Watson and Co. v. Cooper, 1899

[appeal - employment law]


Watson and Co. v. Cooper

Supreme Court for China and Japan
Hannen CJ, 29 March 1899
Source: North China Herald, 3 April 1899




Shanghai, 29th March

Before Sir Nicholas J. Hannen, Chief Justice.

IN RE WATSON & CO. (Appellants) and E.  Q. COOPER (Respondent.)

   Judgment was given in this matter. Mr. H. P. Wilkinson appearing for the plaintiffs and appellants.

   His Lordship said - This is an Appeal from the Judgment of the Provincial Court of Amoy, in a suit for damages and other relief instituted by the appellants against the respondent.

   The appellants are a British Company carrying on the business of chemists and aerated water manufacturers, wine and spirit merchants at Hongkong and various ports in China. The respondent is general manager to Messrs. Moulle & Co., stevedores and ships chandlers at Amoy, dealing amongst other things in aerated waters, wines and spirits and cigars. The plaintiffs in their petition claimed £800 from defendant being £100 for every month during which he had been in the employ of Messrs. Moulle in violation of a contract dated 9th February 1888, clause 10 of which was as follows:

[Not transcribed.]

   They further alleged that they had never consented to the defendant joining the firm of Messrs. Moulle & Co. The defendant in his answer alleged inter alia that the agreement imposed an unreasonable restraint of trade and was opposed to public policy. He also submitted that the plaintiffs had by their actions admitted his right to violate the covenant.

   The judgment of the Court below which consisted of the Provincial Judge and two assessors found (one assessor dissenting) for the defendant with costs on the ground that the restriction went beyond what was reasonably necessary for the protection of the plaintiffs regard being had to the nature of their business.

   In the petition of appeal the Appellants alleged inter alia that the contract was divisible and that the second issue in the pleadings whether the plaintiff had consented to the admitted breach of the covenant had not been decided by the Court. Upon this point I may at once say that it is plain that the plaintiffs never consented to the breach of Clause 10. The Court below did not decide the point because in the view which it took of the case it was unnecessary to decide it. In his answer the respondent alleged that he was employed by the appellants as dispensing chemist and that his actions could not be restrained when in any other capacity and that respondent had nothing to do with the manufacture of soda water by Messrs. Moulle & Co. Further that the breach if any was of unreasonable portions of the contract.

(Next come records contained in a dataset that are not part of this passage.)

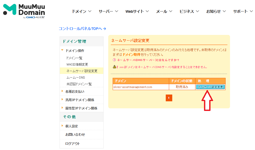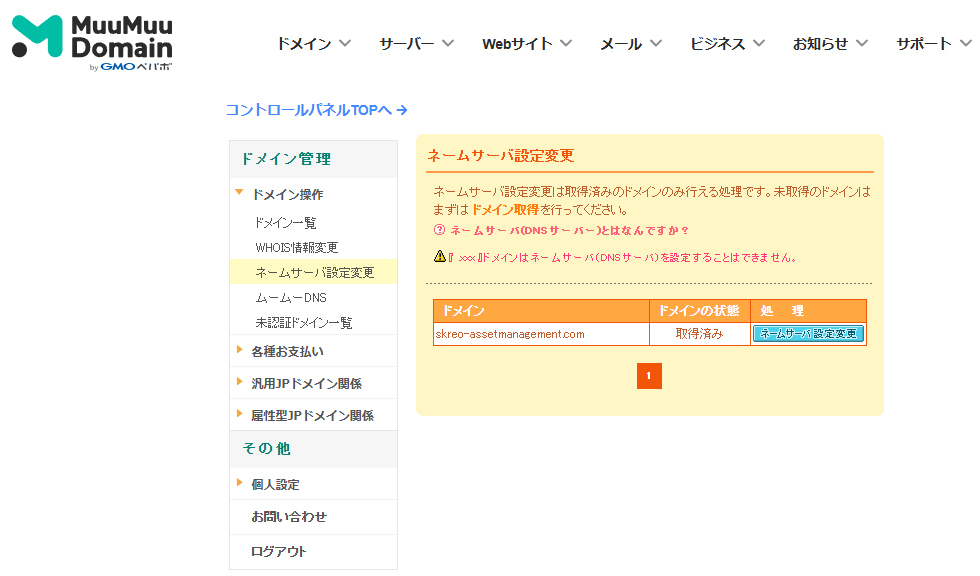 そこから画面左の「ドメイン操作」タブにある「ネームサーバ設定変更」を押し、上記画面を出します。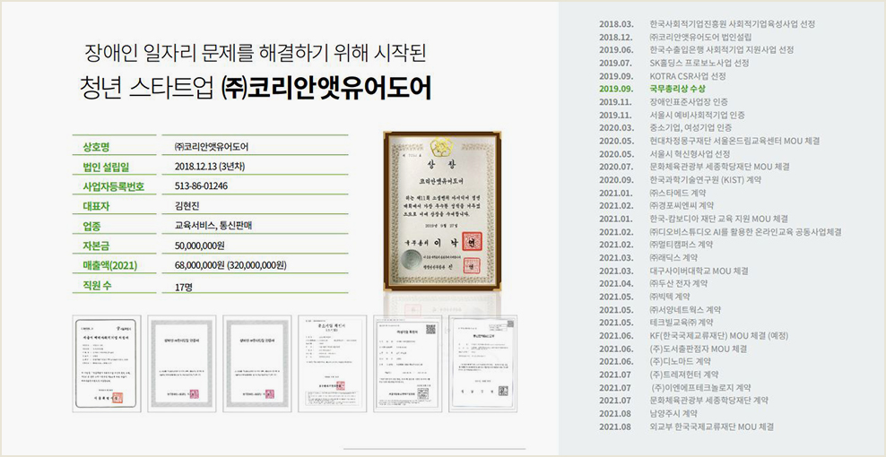 코리안 앳 유어 도어, 케이드에서는 장애인채용 문제를 해결하기 위한 스타트업으로 양질의 일자리를 창출하고 기업을 위해 실질적인 도움이 되어드리고 있습니다.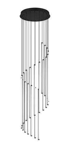 Baxter er en taklampe som kombinerer høy ytelse med stilrent design. Med sin svarte finish og en diameter på 37 cm, passer den perfekt inn i moderne interiør. Lampen består av flere hengende lysstaver i ulike lengder, festet til en rund base, noe som gir et dynamisk og elegant uttrykk.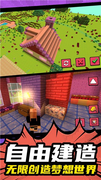 超大世界自由创造,利用各种道具和材料自由建造房屋,快来建造一个属于你自己的房子吧!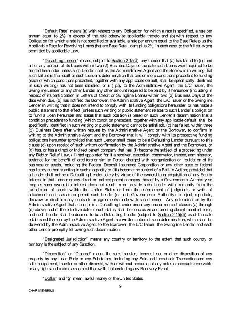 “Default Rate” means (a) with respect to any Obligation for which a rate is specified, a rate per annum equal to 2% in excess of the rate otherwise applicable thereto and (b) with respect to any Obligation for which a rate is not specified or available, a rate per annum equal to the Base Rate plus the Applicable Rate for Revolving Loans that are Base Rate Loans plus 2%, in each case, to the fullest extent permitted by applicable Law. “Defaulting Lender” means, subject to Section 2.15(d), any Lender that (a) has failed to (i) fund all or any portion of its Loans within two (2) Business Days of the date such Loans were required to be funded hereunder unless such Lender notifies the Administrative Agent and the Borrower in writing that such failure is the result of such Lender’s determination that one or more conditions precedent to funding (each of which conditions precedent, together with any applicable default, shall be specifically identified in such writing) has not been satisfied, or (ii) pay to the Administrative Agent, the L/C Issuer, the Swingline Lender or any other Lender any other amount required to be paid by it hereunder (including in respect of its participation in Letters of Credit or Swingline Loans) within two (2) Business Days of the date when due, (b) has notified the Borrower, the Administrative Agent, the L/C Issuer or the Swingline Lender in writing that it does not intend to comply with its funding obligations hereunder, or has made a public statement to that effect (unless such writing or public statement relates to such Lender’s obligation to fund a Loan hereunder and states that such position is based on such Lender’s determination that a condition precedent to funding (which condition precedent, together with any applicable default, shall be specifically identified in such writing or public statement) cannot be satisfied), (c) has failed, within three (3) Business Days after written request by the Administrative Agent or the Borrower, to confirm in writing to the Administrative Agent and the Borrower that it will comply with its prospective funding obligations hereunder (provided that such Lender shall cease to be a Defaulting Lender pursuant to this clause (c) upon receipt of such written confirmation by the Administrative Agent and the Borrower), or (d) has, or has a direct or indirect parent company that has, (i) become the subject of a proceeding under any Debtor Relief Law, (ii) had appointed for it a receiver, custodian, conservator, trustee, administrator, assignee for the benefit of creditors or similar Person charged with reorganization or liquidation of its business or assets, including the Federal Deposit Insurance Corporation or any other state or federal regulatory authority acting in such a capacity or (iii) become the subject of a Bail-In Action; provided that a Lender shall not be a Defaulting Lender solely by virtue of the ownership or acquisition of any Equity Interest in that Lender or any direct or indirect parent company thereof by a Governmental Authority so long as such ownership interest does not result in or provide such Lender with immunity from the jurisdiction of courts within the United States or from the enforcement of judgments or writs of attachment on its assets or permit such Lender (or such Governmental Authority) to reject, repudiate, disavow or disaffirm any contracts or agreements made with such Lender. Any determination by the Administrative Agent that a Lender is a Defaulting Lender under any one or more of clauses (a) through (d) above, and of the effective date of such status, shall be conclusive and binding absent manifest error, and such Lender shall be deemed to be a Defaulting Lender (subject to Section 2.15(d)) as of the date established therefor by the Administrative Agent in a written notice of such determination, which shall be delivered by the Administrative Agent to the Borrower, the L/C Issuer, the Swingline Lender and each other Lender promptly following such determination. “Designated Jurisdiction” means any country or territory to the extent that such country or territory is the subject of any Sanction. “Disposition” or “Dispose” means the sale, transfer, license, lease or other disposition of any property by any Loan Party or any Subsidiary, including any Sale and Leaseback Transaction and any sale, assignment, transfer or other disposal, with or without recourse, of any notes or accounts receivable or any rights and claims associated therewith, but excluding any Recovery Event. “Dollar” and “$” mean lawful money of the United States. 9 CHAR1\1593539v8

   The law with regard to this sort of covenant is now fairly well defined. There was a time when such agreements were considered prima facie void as in restraint of trade but, if the covenantee could show that the covenant was given for sufficient consideration and that under the circumstances of the case it was reasonable it was held valid. Afterwards the Court held that they would not investigate the adequacy of the consideration.

   The rule at present appears to be if the covenant is not more extensive than is reasonably necessary for the protection of the covenantee notwithstanding its generality it will be enforced. In the present case it would seem reasonable that the plaintiffs should frame and enforce  a covenant which would prevent an employee of theirs in Amoy from joining a firm of that port which competed with them seriously in any important branch of their business.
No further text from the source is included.